Activity:
Your copy should match the listing below word for word, with no images in it.

Given data:
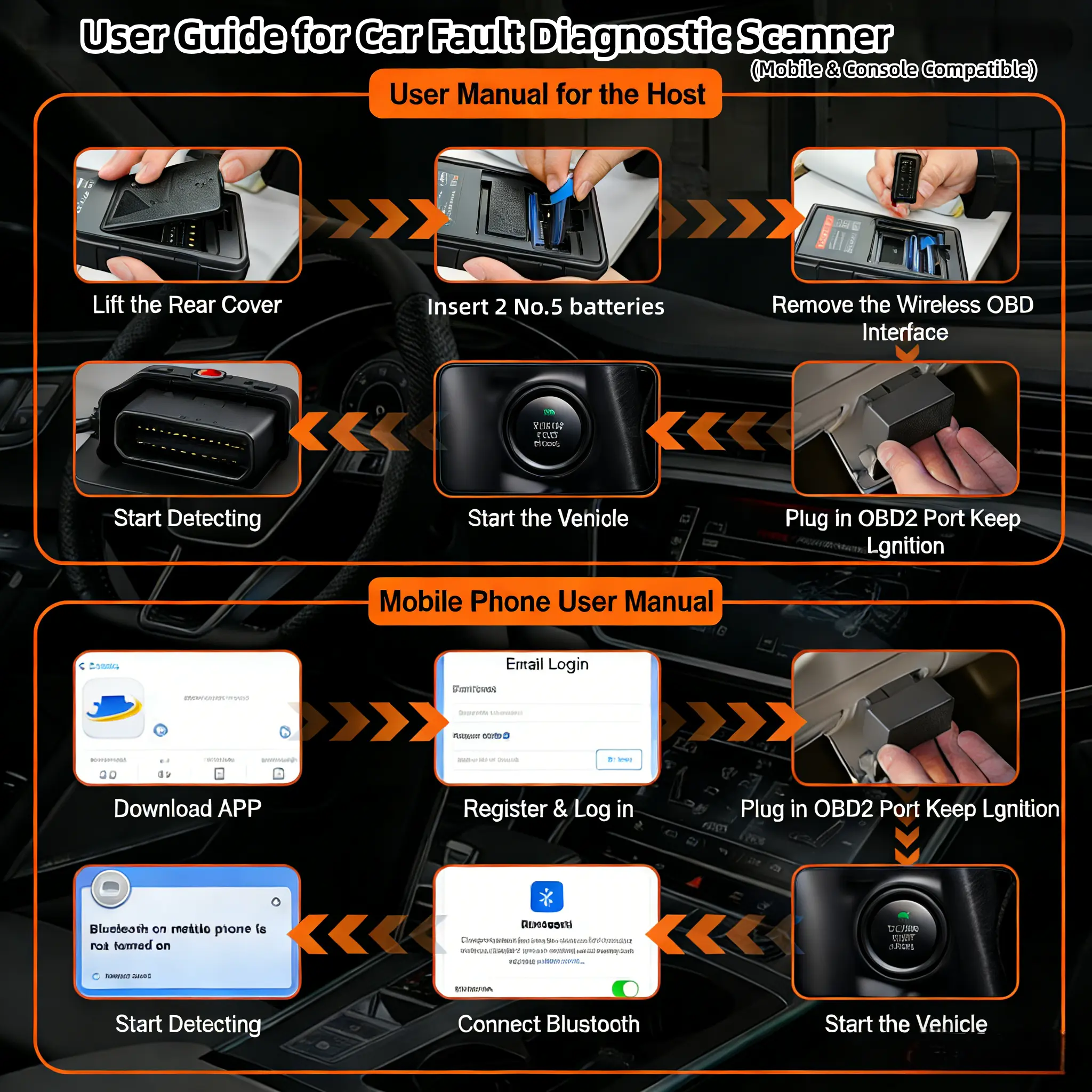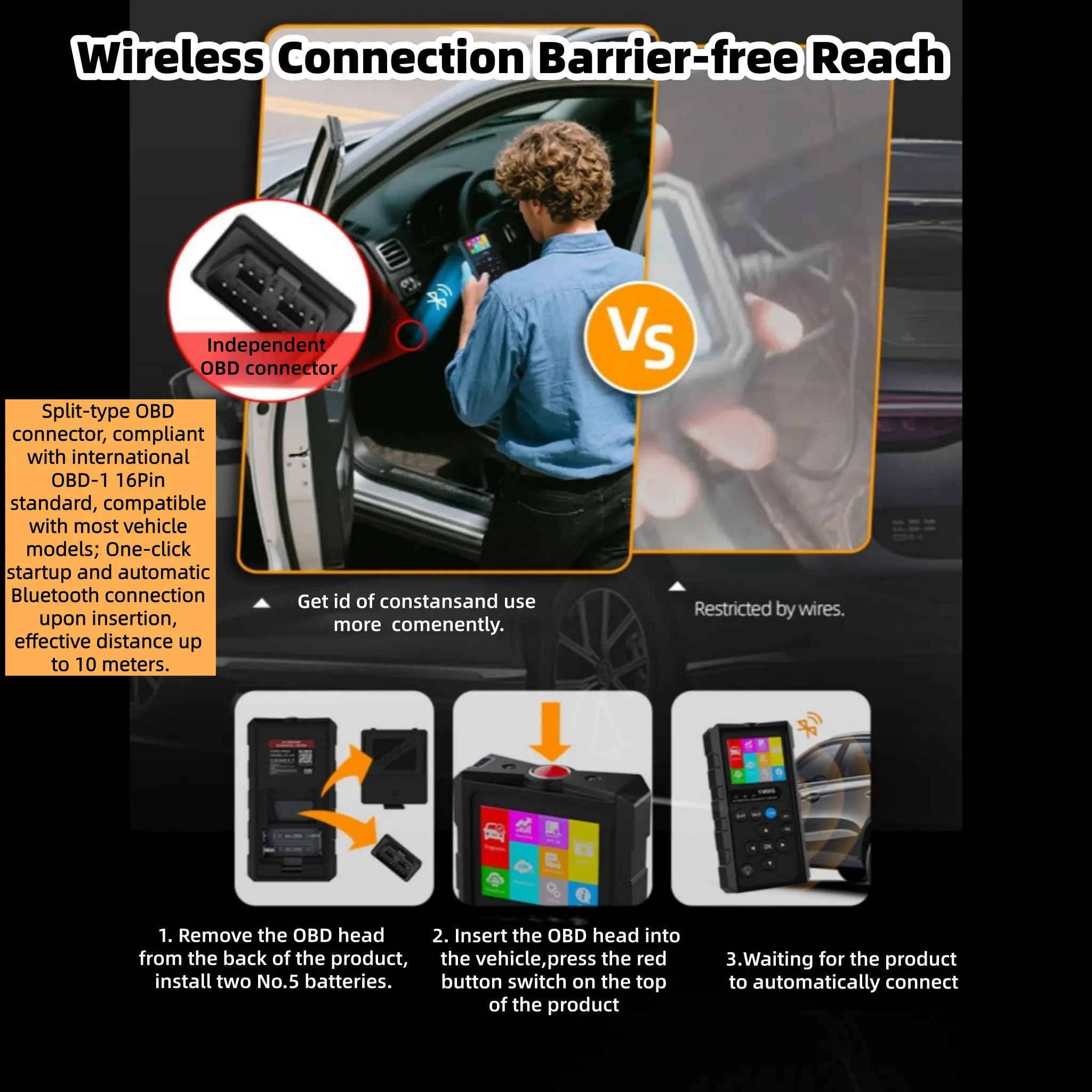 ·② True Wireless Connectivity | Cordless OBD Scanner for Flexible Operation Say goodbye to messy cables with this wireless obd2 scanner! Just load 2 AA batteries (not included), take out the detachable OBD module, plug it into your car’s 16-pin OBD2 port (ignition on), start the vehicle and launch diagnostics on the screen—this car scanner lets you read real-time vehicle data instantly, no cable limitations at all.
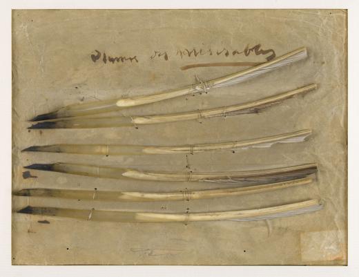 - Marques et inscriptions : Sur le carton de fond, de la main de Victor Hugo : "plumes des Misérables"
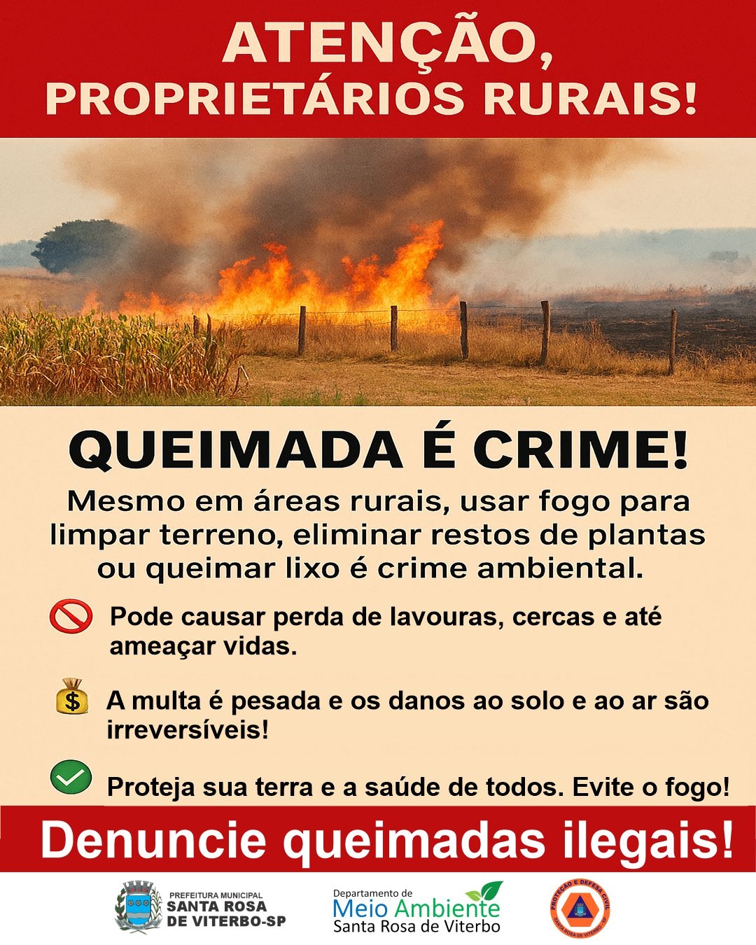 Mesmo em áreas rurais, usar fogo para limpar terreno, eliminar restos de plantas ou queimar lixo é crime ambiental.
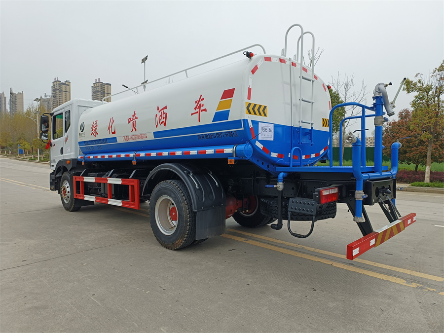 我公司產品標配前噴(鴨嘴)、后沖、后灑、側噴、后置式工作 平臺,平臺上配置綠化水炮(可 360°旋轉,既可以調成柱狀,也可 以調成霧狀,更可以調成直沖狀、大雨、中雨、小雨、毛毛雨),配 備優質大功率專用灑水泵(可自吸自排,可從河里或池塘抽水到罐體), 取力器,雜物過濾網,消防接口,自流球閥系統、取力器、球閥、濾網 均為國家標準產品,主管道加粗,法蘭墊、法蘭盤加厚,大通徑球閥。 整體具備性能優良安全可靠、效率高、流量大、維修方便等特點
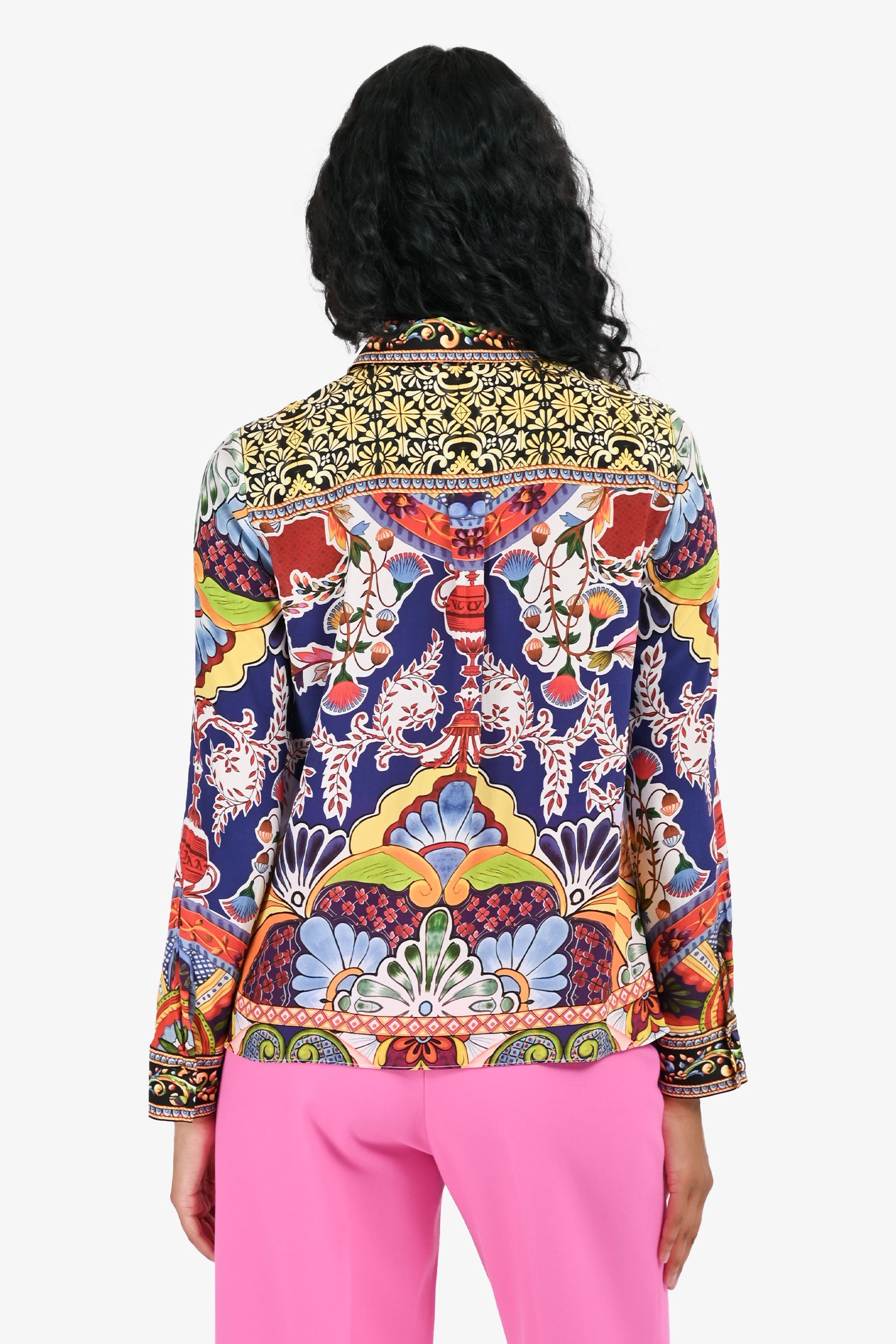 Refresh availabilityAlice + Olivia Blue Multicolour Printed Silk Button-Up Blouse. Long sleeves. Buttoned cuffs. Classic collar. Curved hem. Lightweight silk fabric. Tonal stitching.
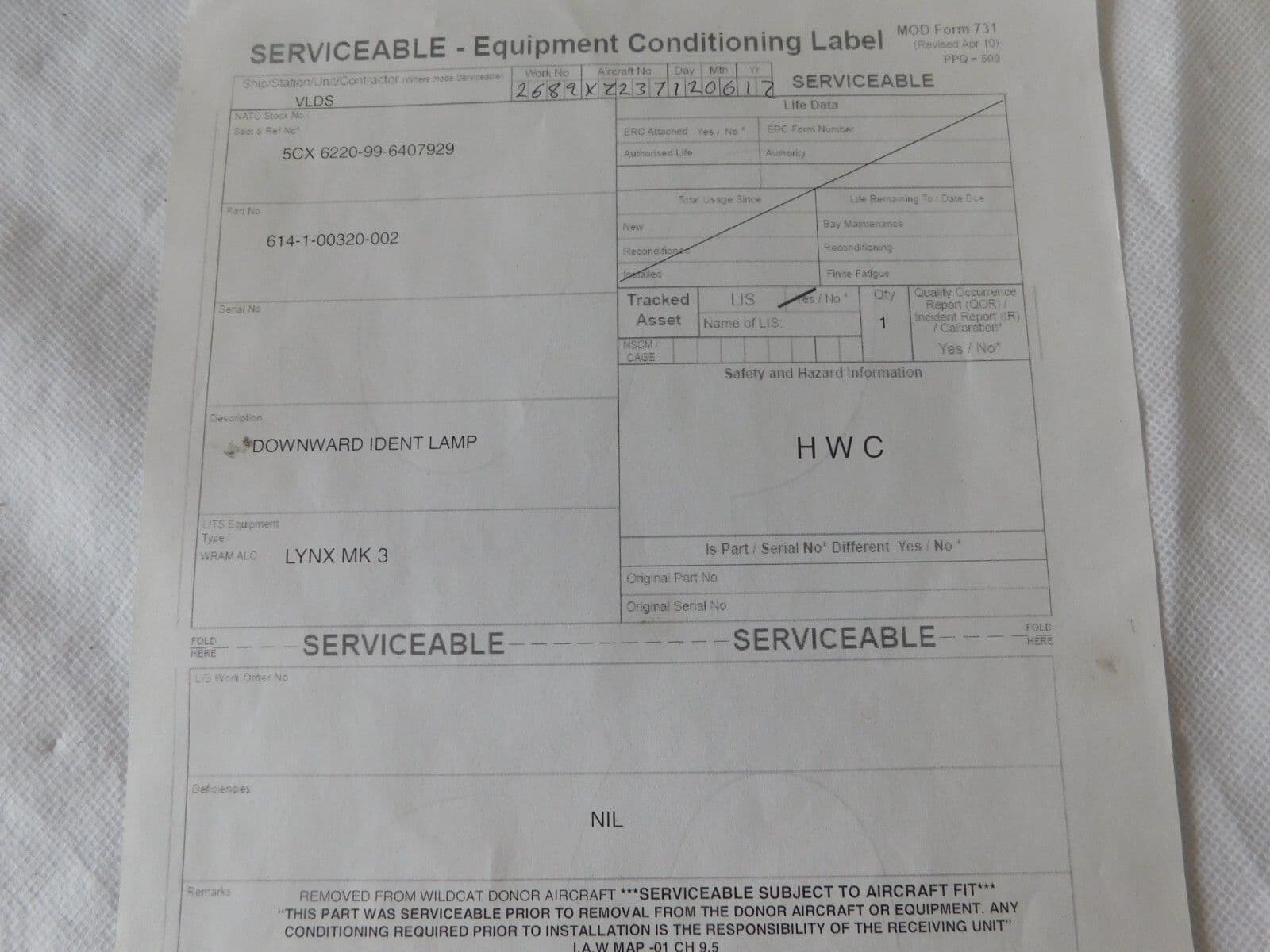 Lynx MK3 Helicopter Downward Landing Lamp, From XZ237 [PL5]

Result of this task:
 ·② True Wireless Connectivity | Cordless OBD Scanner for Flexible Operation Say goodbye to messy cables with this wireless obd2 scanner! Just load 2 AA batteries (not included), take out the detachable OBD module, plug it into your car’s 16-pin OBD2 port (ignition on), start the vehicle and launch diagnostics on the screen—this car scanner lets you read real-time vehicle data instantly, no cable limitations at all.
 - Marques et inscriptions : Sur le carton de fond, de la main de Victor Hugo : "plumes des Misérables"
 Mesmo em áreas rurais, usar fogo para limpar terreno, eliminar restos de plantas ou queimar lixo é crime ambiental.
 我公司產品標配前噴(鴨嘴)、后沖、后灑、側噴、后置式工作 平臺,平臺上配置綠化水炮(可 360°旋轉,既可以調成柱狀,也可 以調成霧狀,更可以調成直沖狀、大雨、中雨、小雨、毛毛雨),配 備優質大功率專用灑水泵(可自吸自排,可從河里或池塘抽水到罐體), 取力器,雜物過濾網,消防接口,自流球閥系統、取力器、球閥、濾網 均為國家標準產品,主管道加粗,法蘭墊、法蘭盤加厚,大通徑球閥。 整體具備性能優良安全可靠、效率高、流量大、維修方便等特點
 Refresh availabilityAlice + Olivia Blue Multicolour Printed Silk Button-Up Blouse. Long sleeves. Buttoned cuffs. Classic collar. Curved hem. Lightweight silk fabric. Tonal stitching.
 Lynx MK3 Helicopter Downward Landing Lamp, From XZ237 [PL5]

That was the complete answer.